Exercise objective.
All of the data that follows is to be printed exactly, without pictures.

Extracted information.
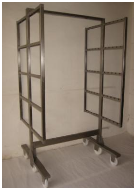
Para chorizo sarta. Encastrable

Fabricado con acero inoxidable AISI 304, aportación de soldadura en Aisi 316, acabado arenado.
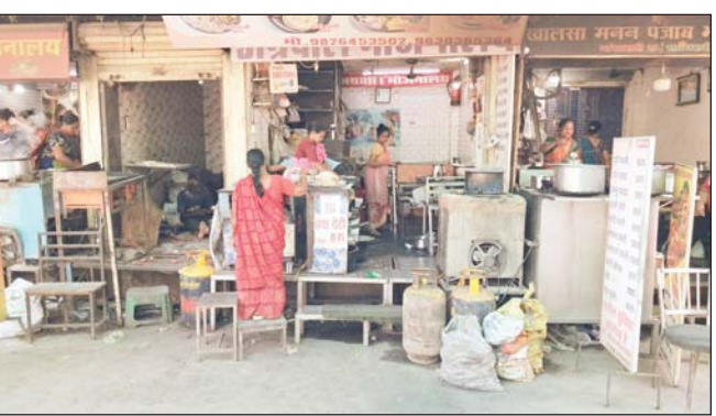
इसकी कीमत 936.50 रुपये हो गई है। 19 किलो के साथ-साथ 5 किलो वाले एफटीएल छोटे सिलेंडर में भी 261 रुपये की वृद्धि हुई है, जिसके बाद

सिलेंडर खरीदना उनके बस के बाहर होता जा रहा है। ऐसी स्थिति में कई छोटे खान-पान संचालकों के सामने अपना व्यवसाय बंद करने की नौबत आ गई है। संचालकों के मुताबिक, महंगाई का बोझ अब उनके पारंपरिक व्यवसाय पर इतना अधिक बढ़ गया है कि आर्थिक स्थिति पूरी तरह डगमगा गई है। कोयला भट्टी की ओर लौटने को मजबूर महंगाई से त्रस्त कुछ संचालकों का कहना है कि यदि कीमतें इसी तरह बढ़ती रहें, तो वे गैस छोड़कर वापस पुराने दौर की तरह कोयला भट्टी पर
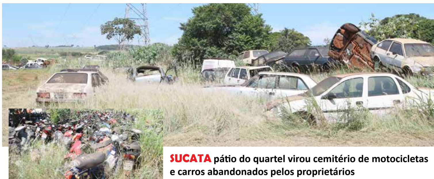
SUCATA pátio do quartel virou cemitério de motocicletas e carros abandonados pelos proprietários
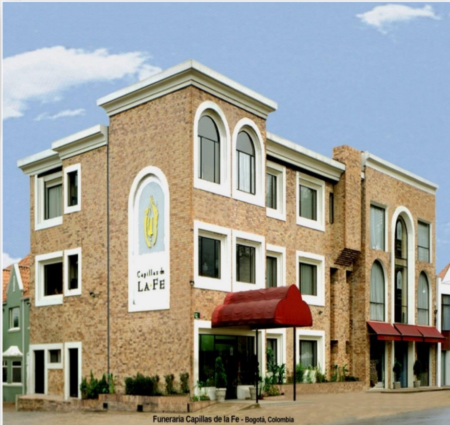
Funeraria Capillas de la Fe - Bogotá, Colombia
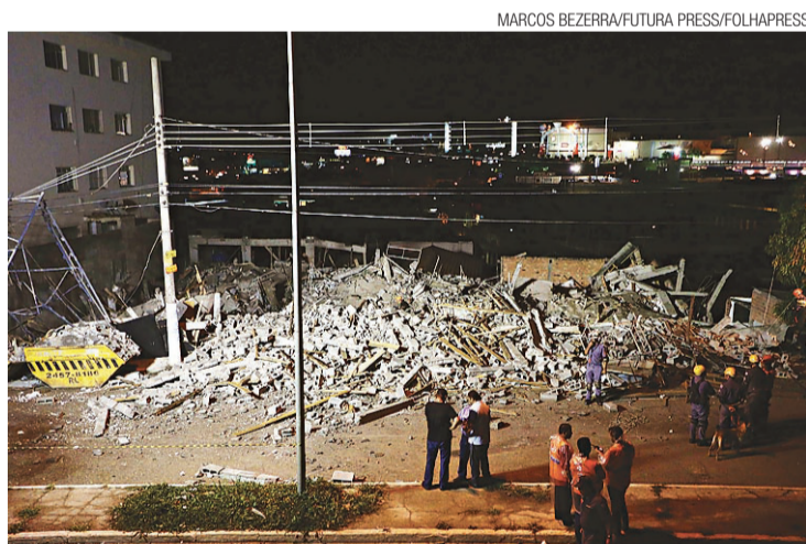
► Os escombros do prédio em Guarulhos: operários saíram pouco antes

A maior expectativa de vida também aumentou diante da menor mortalidade por doenças especialmente. Na fase adulta considerada pelo IBGE (15 a 59 anos de idade), de cada 1.000 pessoas que atingiriam os 15 anos, 846 aproximadamente completariam os 60 anos de idade. Já em 2012, o número subiu para 848 pessoas.
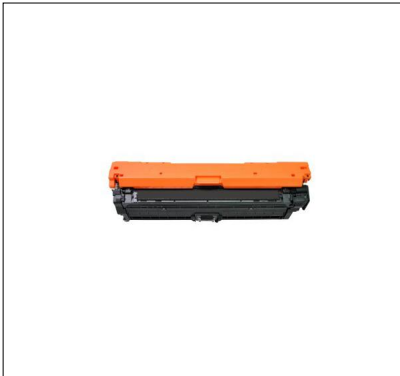
CÔTÉ GAUCHE CARTOUCHE
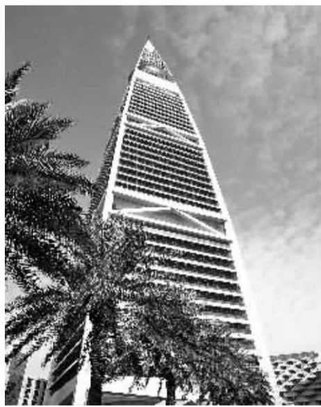
图为沙特利雅得地标建筑费萨莉亚塔。
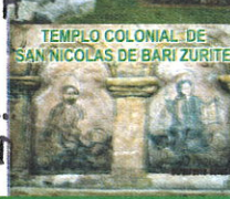
TEMPLO COLONIAL DE SAN NICOLAS DE BARI ZURITE
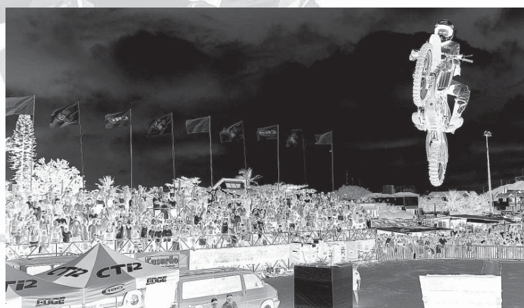
No dia 12 acontecerá o Show Noturno, a partir das 21 horas

motocicletas, a galera da equipe do piloto Jorge Negretti, 10 vezes campeão brasileiro de motocross, contará ainda com o atual campeão
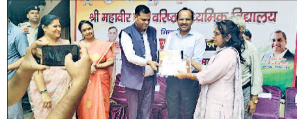
भिवानी। शिक्षकों को सम्मानित करते हुए।
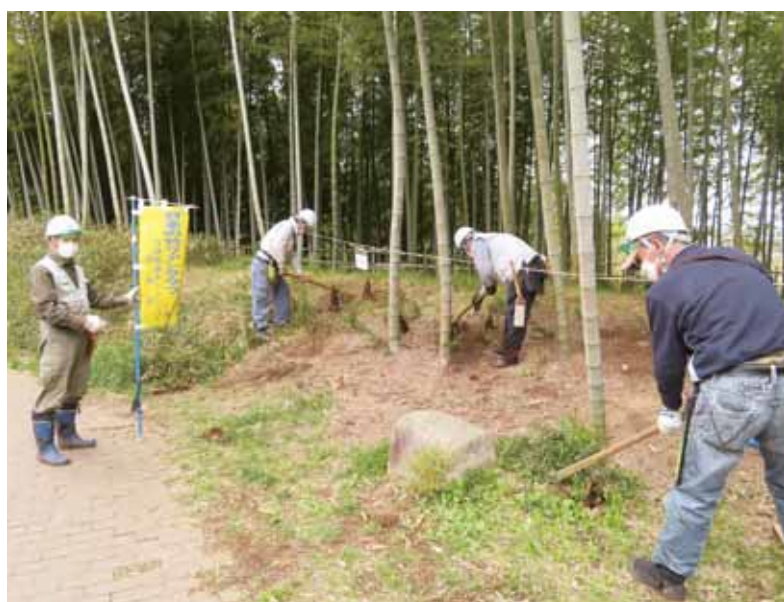
「竹取協力隊」が竹林の里親となり、地主さんに代わり竹林を再生しています

Reply to the task.
Para chorizo sarta. Encastrable

Fabricado con acero inoxidable AISI 304, aportación de soldadura en Aisi 316, acabado arenado.
इसकी कीमत 936.50 रुपये हो गई है। 19 किलो के साथ-साथ 5 किलो वाले एफटीएल छोटे सिलेंडर में भी 261 रुपये की वृद्धि हुई है, जिसके बाद

सिलेंडर खरीदना उनके बस के बाहर होता जा रहा है। ऐसी स्थिति में कई छोटे खान-पान संचालकों के सामने अपना व्यवसाय बंद करने की नौबत आ गई है। संचालकों के मुताबिक, महंगाई का बोझ अब उनके पारंपरिक व्यवसाय पर इतना अधिक बढ़ गया है कि आर्थिक स्थिति पूरी तरह डगमगा गई है। कोयला भट्टी की ओर लौटने को मजबूर महंगाई से त्रस्त कुछ संचालकों का कहना है कि यदि कीमतें इसी तरह बढ़ती रहें, तो वे गैस छोड़कर वापस पुराने दौर की तरह कोयला भट्टी पर
SUCATA pátio do quartel virou cemitério de motocicletas e carros abandonados pelos proprietários
Funeraria Capillas de la Fe - Bogotá, Colombia
► Os escombros do prédio em Guarulhos: operários saíram pouco antes

A maior expectativa de vida também aumentou diante da menor mortalidade por doenças especialmente. Na fase adulta considerada pelo IBGE (15 a 59 anos de idade), de cada 1.000 pessoas que atingiriam os 15 anos, 846 aproximadamente completariam os 60 anos de idade. Já em 2012, o número subiu para 848 pessoas.
CÔTÉ GAUCHE CARTOUCHE
图为沙特利雅得地标建筑费萨莉亚塔。
TEMPLO COLONIAL DE SAN NICOLAS DE BARI ZURITE
No dia 12 acontecerá o Show Noturno, a partir das 21 horas

motocicletas, a galera da equipe do piloto Jorge Negretti, 10 vezes campeão brasileiro de motocross, contará ainda com o atual campeão
भिवानी। शिक्षकों को सम्मानित करते हुए।
「竹取協力隊」が竹林の里親となり、地主さんに代わり竹林を再生しています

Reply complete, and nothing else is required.